I try to parse this xml-information:
<text:p >Lorem<text:s/>ipsum.</text:p>
Therefore I'm using XMLReader. Nearly everything is working as I need it. But the <text:s/>-element makes some trouble for me.
As I want to remove any formatting tags (i.e. bold) I'm using expand()->textContent
to get just the text:
$reader = new XMLReader();
if (!$reader->open("content.xml");
while ($reader->read()) {
if ($reader->nodeType == XMLREADER::ELEMENT && $reader->name === 'text:p') echo utf8_decode($reader->expand()->textContent);
}
In this case I would get 'Loremipsum.' instead of 'Lorem ipsum.'. How can I replace every <text:s/> with a whitespace.
Update:
I did it this way: preg_replace("/<\\/?text:s(\\s+.*?>|>)/", " ", utf8_decode($reader->readInnerXML()))
Update:
If I'm using DOMDocument for parsing, how do I have to change the syntax?

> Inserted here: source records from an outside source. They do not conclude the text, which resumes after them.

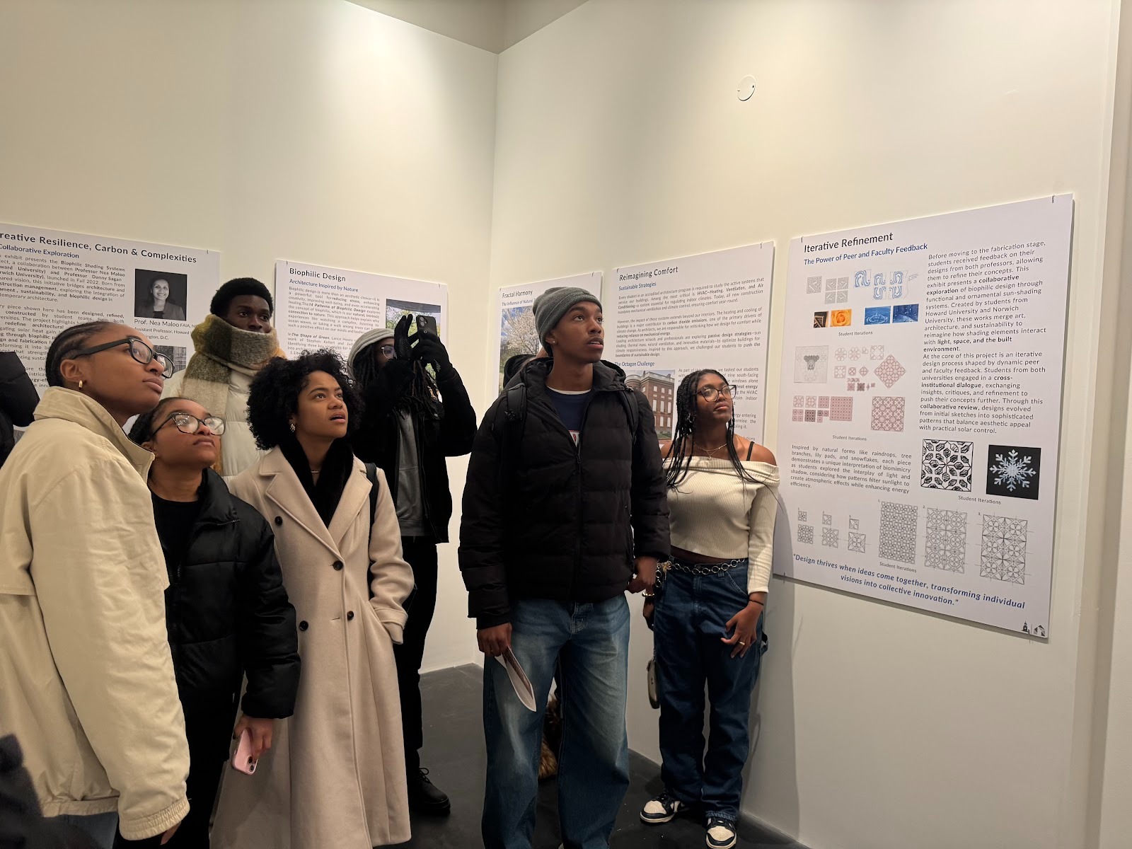 The exhibit was a collaboration between Howard Assistant Professor Nea Maloo and Associate Professor Danny Sagan of Norwich University. After meeting at a conference, they developed a curriculum around biophilia, which integrates nature into architectural design using light, plants and other organic materials.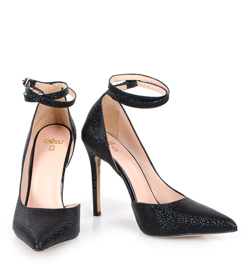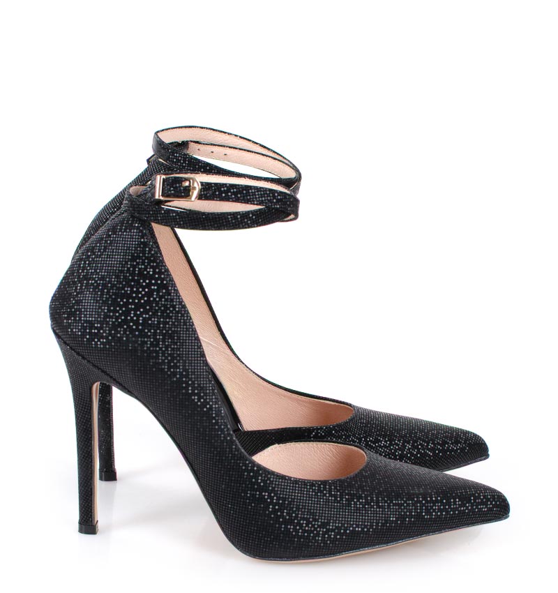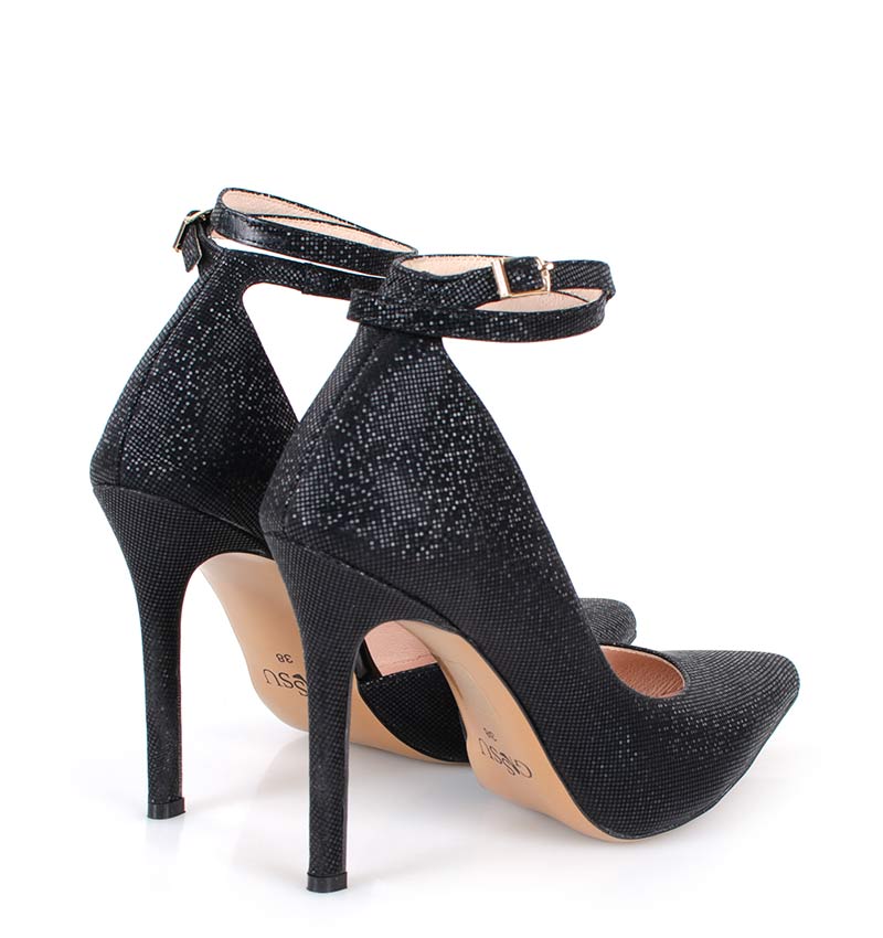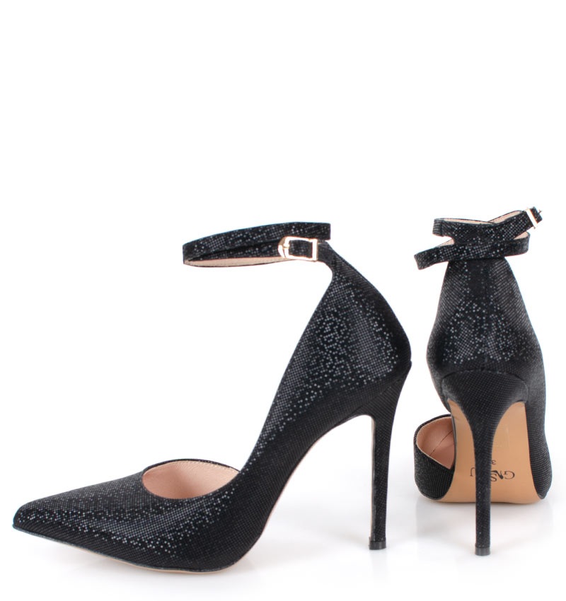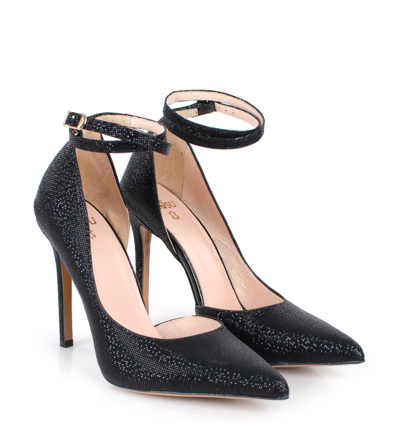 DENISE – Czarne wysokie szpilki, wykonane ze skóry naturalnej strukturalnej. Nad kostką cienki pasek oplatający nogę, zapinany złotą sprzączką. Smukła, wysoka, bo aż 11 cm szpilka i delikatne wycięcie cholewki po wewnętrznej stronie to cech charakterystyczne tego modelu. Tęgość butów: F 1/2. Wnętrze butów i wkładka wykonane są ze skóry naturalnej.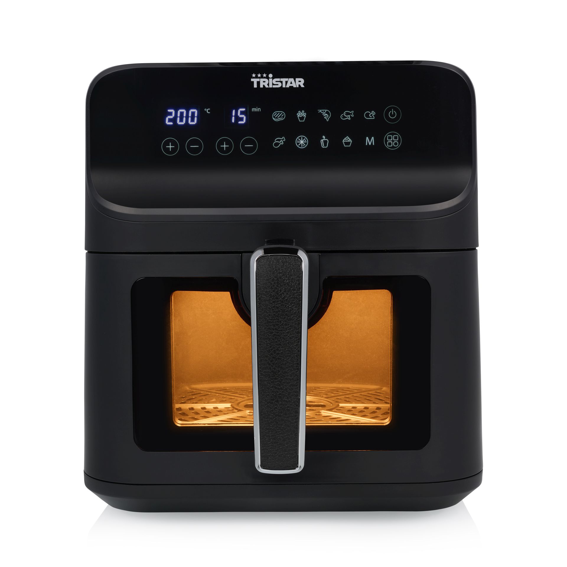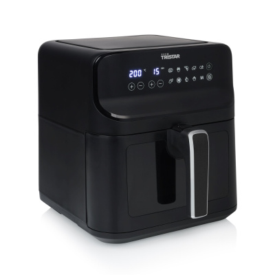 Horkovzdušná fritéza Tristar FR-9037 s digitálním dotykovým ovládacím panelem a okénkem.
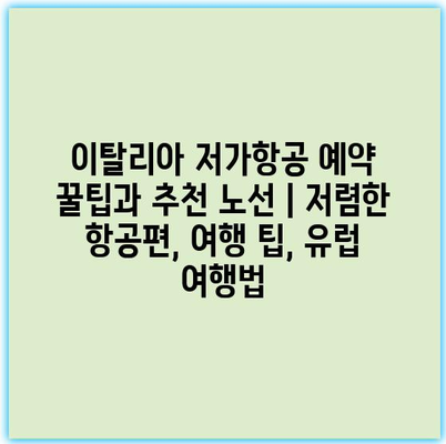 이탈리아 저가항공 예약 꿀팁과 추천 노선에 대해 알아보겠습니다.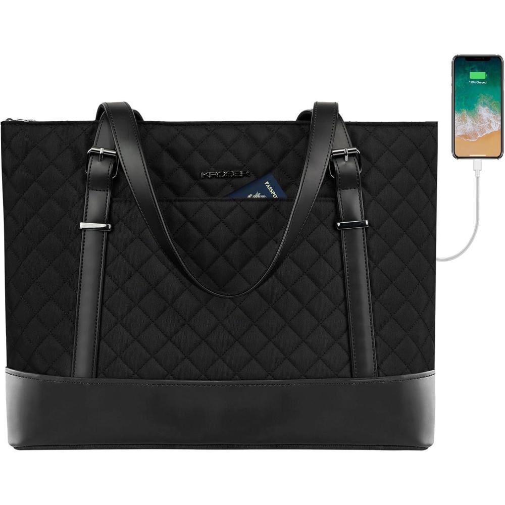 【Elegant Laptop Tote】:The work bags for women built-in USB PORT is convenient to charge your cell phone by connecting your power bank without up your bag and go. Please noted that the power bank is not included.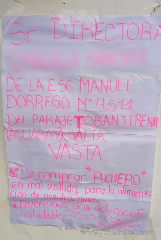 La docente Mariela Álvarez (Docentes Autoconvocados), a propósito de lo que ocurría esta jornada ante el establecimiento, destacó que ya anteriormente se habían expuesto las condiciones de abandono que presentaba; malezas crecidas, presencia de alimañas, daños en los techos que deben repararse y falta de agua. De allí que las familias de los alumnos se convocaron a la toma de la Escuela; perteneciente al éjido municipal de Aguaray; para que se aborden las medidas del caso.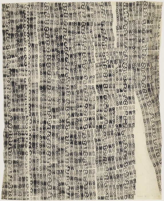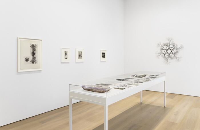The text next to the basket in the vitrine says that Asawa gave it to Josef and Anni Albers circa 1948–1949, and in interviews Asawa talked about Black Mountain College being a refuge from the racism that for artists like her and Jacob Lawrence existed literally just outside the school’s front door in rural North Carolina and the rest of the United States. At David Zwirner, the first piece greeting visitors is a work on paper that features the letters “BMC” (i.e., Black Mountain College) stamped in vertical rows. Asawa has also mentioned the importance of Josef Albers’s famously rigorous teaching, especially his focus on fundamentals such as the line, and it is possible to see her sculptures as drawings in space, made, as they frequently were, from a single strand of wire. One also imagines that Anni Albers’s important—and still somewhat overlooked—work in textiles must have been influential on Asawa’s sculptures as weavings.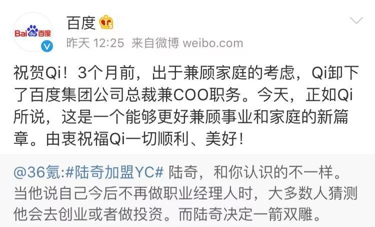 2018年7月,陆奇以家庭原因为由,卸任百度集团总裁及首席运营官职务。自此,他的去留成为了万众瞩目的谜团。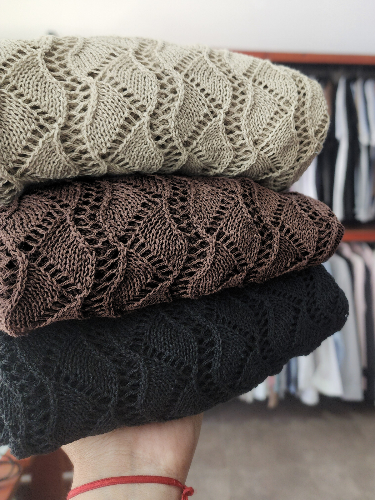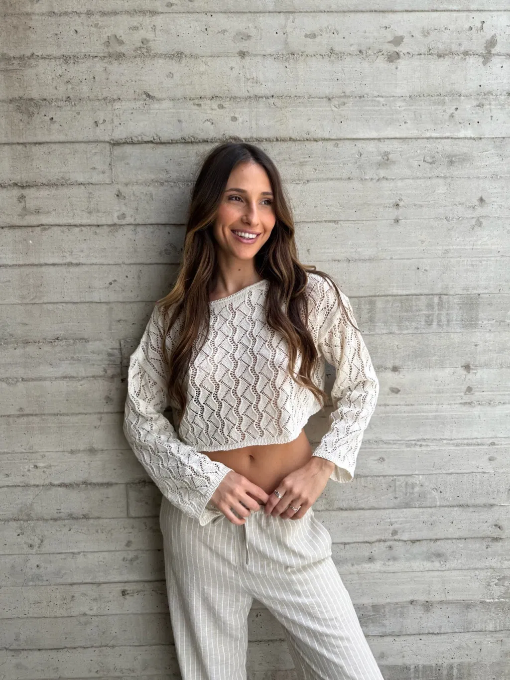 Top tejido de hilo acrílico, mangas largas.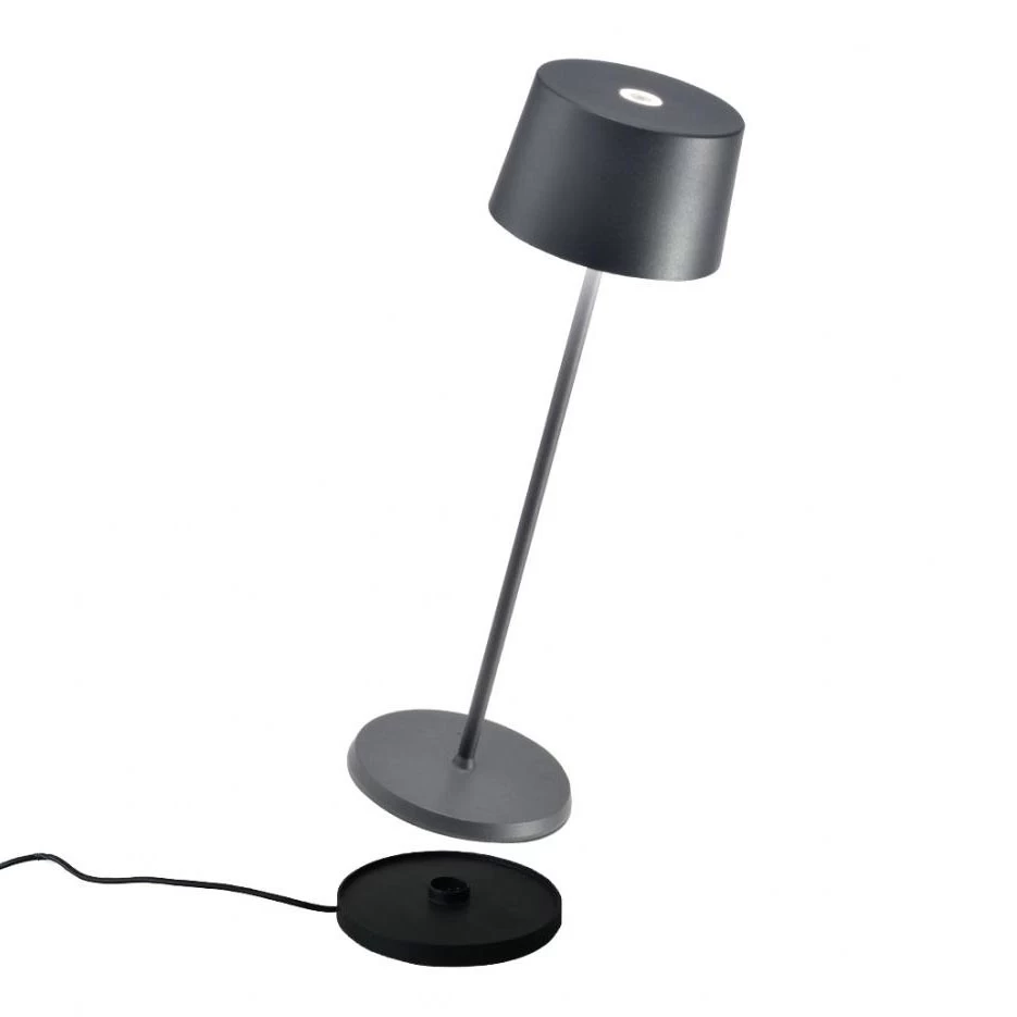Akku LED-Tischlampe, Zafferano Olivia Pro, Grau – 35,5cm

$reader = new DOMDocument();
$reader->load("zip://folder/".$file.".odt#content.xml");
while ($reader->read()){
if ($reader->nodeType == XMLREADER::ELEMENT && $reader->name === 'text:h') {
if ($reader->getAttribute('text:outline-level')=="2") $html .= '<h2>'.$reader->expand()->textContent.'</h2>';
}
elseif ($reader->nodeType == XMLREADER::ELEMENT && $reader->name === 'text:p') {
if ($reader->getAttribute('text:style-name')=="Standard") {
$str = $reader->readInnerXML();
// replace text:s-elements with " " at this point
}
}
}